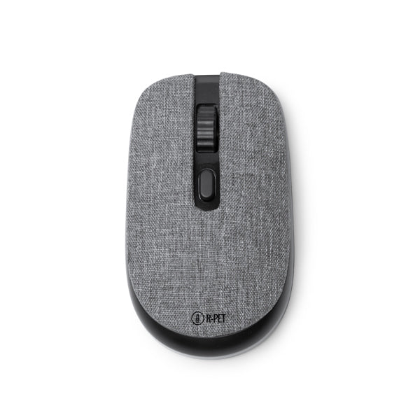 Wireless mouse made of recycled ABS and R-PET with optical precision sensor. Operates on 2 AA batteries (not included). Presentation in eco design box.
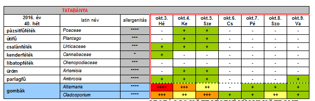Az OKK Aerobiológiai Hálózatának Tatabányára vonatkozó 40. heti jelentése
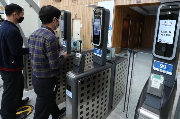 지난 11일부터 서울·세종·과천·대전 등 전국 4곳 정부청사 입구에 있는 스피드게이트의 안면인식시스템 운영이 중단됐다. 기존에는 청사 출입을 위해 스피드게이트를 통과하려면 마스크를 벗어야 했으나 당분간은 쓴 채로 출입이 가능하다. 얼굴 인식을 위해 마스크를 벗었을 때 코로나19 바이러스가 전파할 가능성을 차단하겠다는 것이다. 시스템 운영중단은 감염병 위기경보 ‘심각’ 단계 해지 시까지 계속된다.
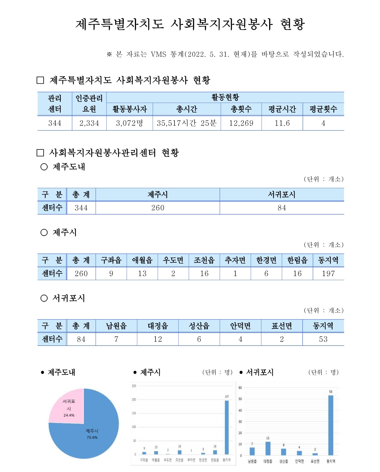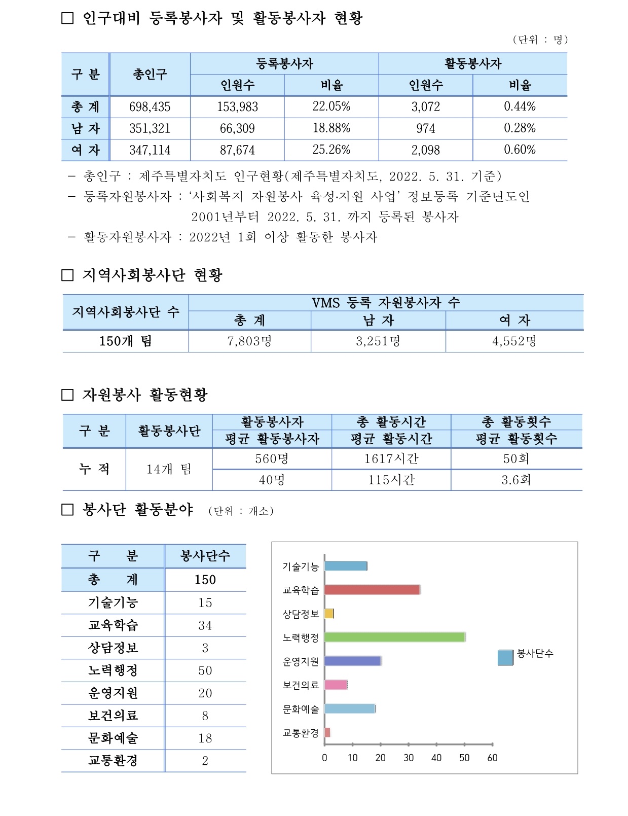 제주특별자치도 자원봉사현황 (2022. 5. 31 기준)

### Brief
All lines from the one that contains "지난 11일부터 서울·세종·과천·대전" through the last line of the data should be retyped exactly, with the pictures left out.

### Reply to the exercise
 지난 11일부터 서울·세종·과천·대전 등 전국 4곳 정부청사 입구에 있는 스피드게이트의 안면인식시스템 운영이 중단됐다. 기존에는 청사 출입을 위해 스피드게이트를 통과하려면 마스크를 벗어야 했으나 당분간은 쓴 채로 출입이 가능하다. 얼굴 인식을 위해 마스크를 벗었을 때 코로나19 바이러스가 전파할 가능성을 차단하겠다는 것이다. 시스템 운영중단은 감염병 위기경보 ‘심각’ 단계 해지 시까지 계속된다.
 제주특별자치도 자원봉사현황 (2022. 5. 31 기준)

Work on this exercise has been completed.